A few months ago, I had noticed a beautiful cake on foodgawker that caught my eye because it was covered completely in icing roses. I had been itching to try the technique ever since and it seemed like the perfect way to make the cake really special. Most icing roses are made using buttercream frosting because it is less creamy than cream cheese frosting and tends to hold its shape better, but I scoured All Recipes for a cream cheese frosting recipe that was recommended for piping and found one that seemed promising.


Overall, I was extremely pleased with the results. The cake was amazing. It was incredibly moist and the perfect shade of red. The frosting was deliciously creamy, but still managed to hold its shape, and making icing roses turned out to be really simple. All you really need is a pastry bag equipped with a large open star tip. I found the instructions on how to make icing roses slightly confusing, so I decided to include a quick video tutorial on how to assemble a pastry bag and make the roses, see below. I hope this is helpful!

Happy Birthday, Shelbs!

Thanks to my mom and Shelby for all the baking and photography help.

Bon appetit!

Red Velvet Rose Cake with Cream Cheese Frosting
Serves 12
Cake
2 eggs
1 1/2 cups oil, I used canola
1 cup buttermilk
1 tbsp apple cider vinegar
1 tsp vanilla extract
2 oz. red food coloring
2 1/2 cups all-purpose flour
2 cups sugar
1 tbsp unsweetened cocoa
1 tsp baking soda
1 tsp salt

Frosting
4 8-oz. packages cream cheese, softened
2 sticks unsalted butter, softened
2 tsp vanilla
4 cups powdered sugar, sifted

Equipment
Large pastry bag
1M tip (or any other large open star tip)

Preheat oven to 350° F. Butter and flour two 8-inch cake pans.

Lightly stir eggs in a medium bowl with a wire whisk. Add remaining liquid ingredients and whisk until blended. Set aside.

Combine all the dry ingredients in the bowl of an electric stand mixer. Mix with a wire whisk until combined. Add the wet ingredients to the dry ingredients and mix on medium-high until completely combined, about one minute.


Divide batter equally among the two cake pans (I like to pour all my batter into measuring cups to see how much I have and then divide it exactly, but obviously not necessary). Drop pans onto the counter from about 3-inches up to release any air bubbles. Repeat twice.

Bake for 30 minutes or until a toothpick inserted into the center of the cake comes out clean.

To remove cakes from pans, first, run a knife around the perimeter of each cake to separate it from the pan. Place a layer of plastic wrap on top and a wire rack on top of the plastic wrap. Holding the pan and rack together, flip so that the cake comes out of the pan onto the rack. Jiggle the pan to loosen the cake and remove. Wrap cake in plastic to retain moisture.

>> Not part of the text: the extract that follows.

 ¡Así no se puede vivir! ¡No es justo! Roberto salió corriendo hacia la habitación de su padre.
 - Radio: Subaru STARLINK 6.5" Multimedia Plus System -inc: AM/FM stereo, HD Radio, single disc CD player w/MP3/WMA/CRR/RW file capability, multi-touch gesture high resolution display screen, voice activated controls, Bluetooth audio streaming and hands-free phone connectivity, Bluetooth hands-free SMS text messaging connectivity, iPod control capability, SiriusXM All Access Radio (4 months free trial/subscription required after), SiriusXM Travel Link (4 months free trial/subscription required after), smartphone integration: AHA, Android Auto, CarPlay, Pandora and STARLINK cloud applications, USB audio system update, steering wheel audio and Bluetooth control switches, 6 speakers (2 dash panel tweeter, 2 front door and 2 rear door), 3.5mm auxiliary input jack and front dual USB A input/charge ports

Allow cakes to cool completely on wire racks. While you are waiting, make the frosting. In the bowl of a stand mixer, cream together the butter and cream cheese until smooth. Add the vanilla and mix. Gradually mix in the confectioner's sugar. Refrigerate for about 20 minutes prior to using. Keep any frosting you are not using covered in the fridge. 

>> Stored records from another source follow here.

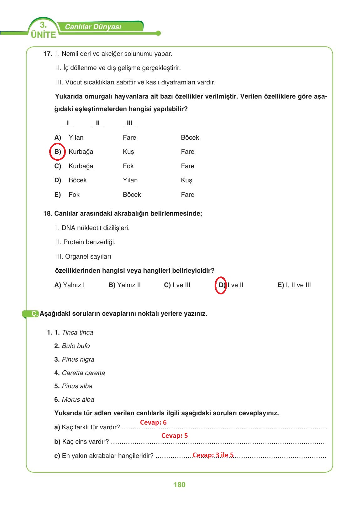 9. Sınıf Biyoloji Ders Kitabı Tutku Yayınları Sayfa 180 Cevapları
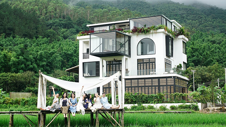 Moderna, trospratna kuća ima zajednički stambeni prostor u prizemlju i privatne spavaće sobe na spratu. Boravak je napravljen u staklu i pruža pogled na okolna rižina polja. Namještaj i dio ukrasa su nabavile u Indiji i Maroku.
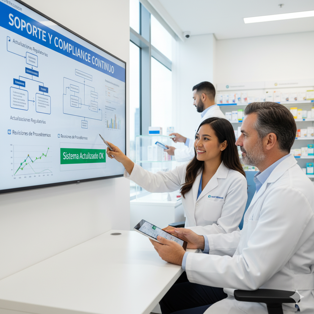 Nuestro compromiso no finaliza con la entrega del servicio. Ofrecemos un plan de acompañamiento y soporte técnico post-implementación para resolver dudas operativas, realizar ajustes de procedimientos y mantener actualizada su documentación frente a los constantes cambios del Marco Regulatorio Farmacéutico.
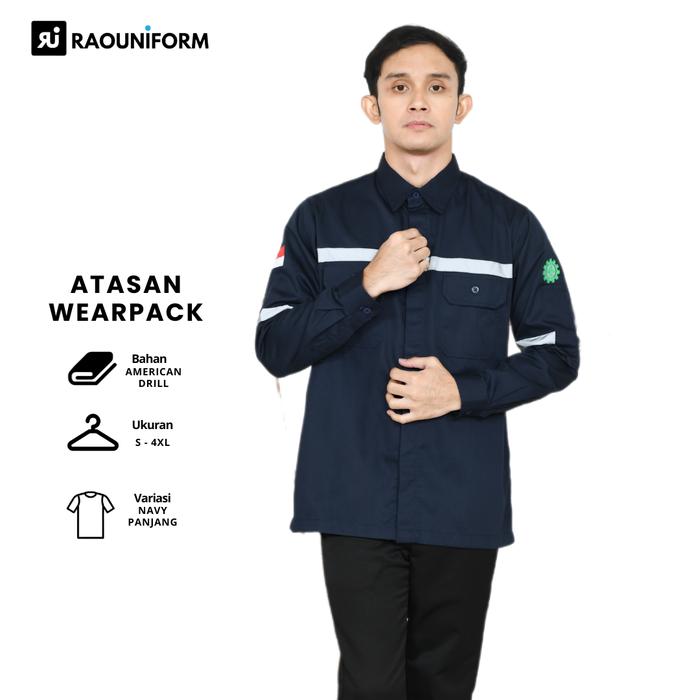 RAOUNIFORM Seragam Atasan Wearpack Lengan Panjang Navy Free Safety K3 dan Bendera Merah Putih
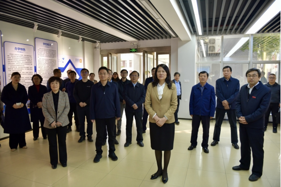 在智慧校园展厅,霍金花对我校在网络安全、智慧校园建设等方面工作情况给予充分肯定,并就数据治理服务社会管理和政府决策问题与相关人员进行深入探讨。

Place one of the cakes on the plate or platter you intend to use. Using a large serrated knife, level off the top of the cake so that it is entirely flat (note: if you already have a flat cake ignore this step). Apply a layer of icing to the top of the first cake. This will be the icing between your two layers, so with that in mind apply more or less icing depending on how much frosting you like.

Place the second cake on top of the first, making sure the two are properly aligned. Then, apply the crumb layer. A crumb layer is a thin layer of frosting you apply to a cake to hold in the crumbs, so that the final product is beautiful and crumb-free. Wait for the crumb layer to dry before applying the icing roses.

Apply a crumb layer to lock in any stray crumbs for a beautiful, flawless final product

To apply the icing roses, assemble the pastry bag, fill with frosting and make the roses as directed in the tutorial video below. Do not put too much frosting in the pastry bag at a time, as your hands will warm it and it will not hold its shape well, aka sad droopy looking roses.


Icing Roses Tutorial from Casey North on Vimeo.

Begin with the circumference of the cake. Start in the center of the rose. Apply constant firm pressure on the pastry bag and begin to loop around the center point tightly. Try to finish each rose in the same place, e.g. at the bottom of the cake. You will do a different number of rotations around the center depending on the size you want your rose to be. I did two rotations.

If you're unhappy with how a rose turns out, just scrape it off, smooth the icing and start over again. I suggest playing around with the roses on a sheet of wax/parchment paper before starting to work on the cake.


When you're done with the circumference, repeat the process on the top of the cake. I recommend placing the first rose in the center of the cake and working out in a circular fashion. If you are left with some dead space when you finish. Try filling the space with a swoop of frosting going in the same direction as the nearest rose.

Refrigerate the cake as soon as finished to ensure the roses hold their shape. If refrigerated, this cake is good for several days after it's made.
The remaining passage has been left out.